The association found between MOD and gestational age is likely to be clinically insignificant and this over-estimation of precision may be explained by the inequality of sample sizes.
Obstetric practices
Global data from Molina et al. [22] suggest that the optimal CDR in relation to maternal and neonatal mortality is approximately 19 CDs per 100 live births, which is higher than the previously accepted WHO recommendation of 10–15 CDs per 100 live births [23].
Whilst the figure in our study of 30.8% seems high in relation to the international literature (even more so when adjusted to CDs per 100 live births– 31.6), without considering the setting and the outcomes achieved, comparison of crude rates is not informative [24].

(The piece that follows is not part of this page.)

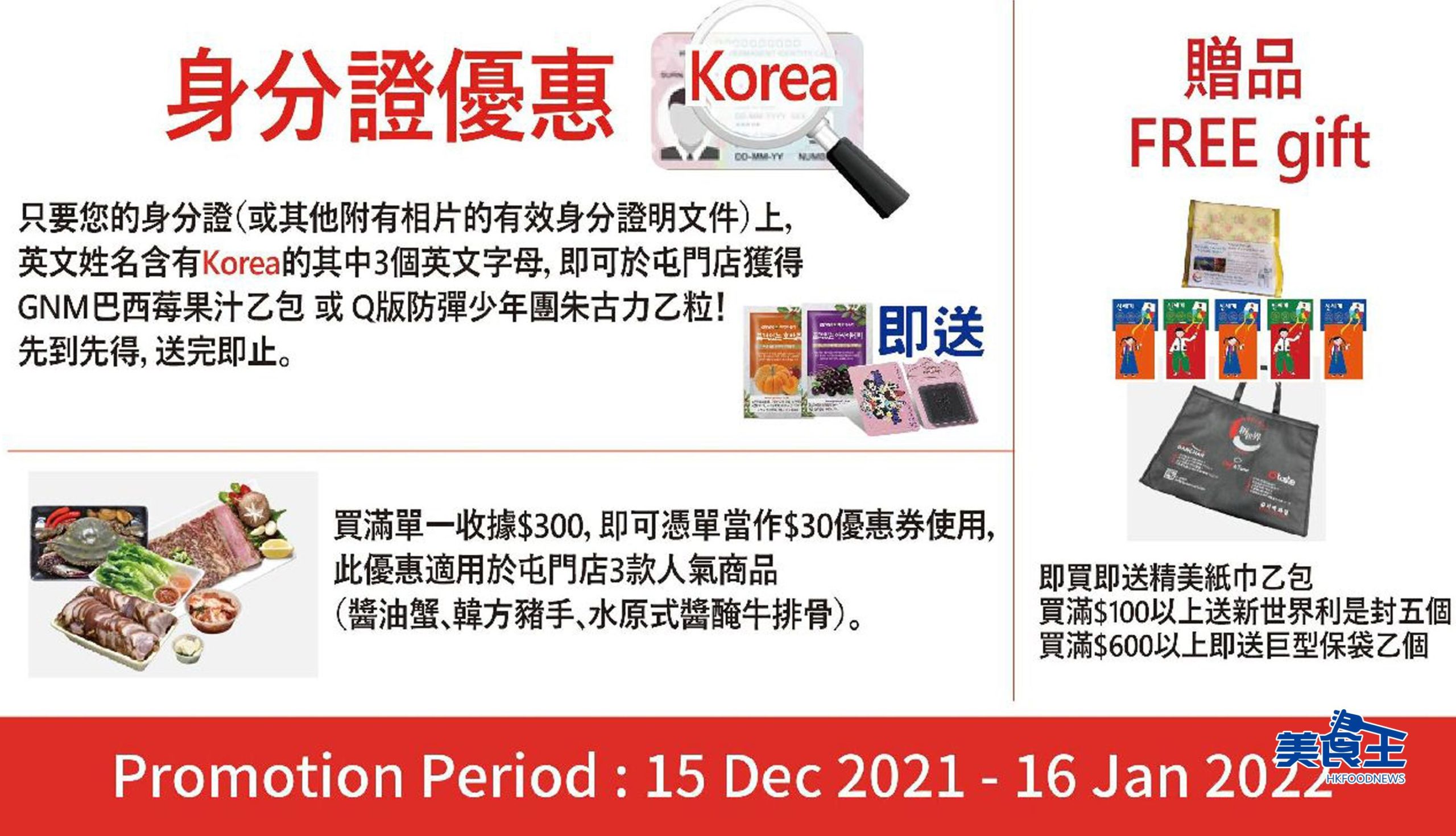 為了慶祝全新新界西首間分店於「錦薈坊」開幕,新世界韓國食品屯門店由即日至 2022 年 1 月 16 日特別推出一系列開幕限定優惠,當中包括:

Focusing on local practices, a study profiling CDs done in a South African urban district hospital in 2015 found a rate of 32% [25], whilst Gaunt [26] audited vacuum deliveries occurring in 2014 in a deep rural district-level in the Eastern Cape—within 319 deliveries, he found a CDR of 17.8%, and an assisted delivery rate of 7.4% (in stark contrast to an assisted delivery rate of 0.1% in our study).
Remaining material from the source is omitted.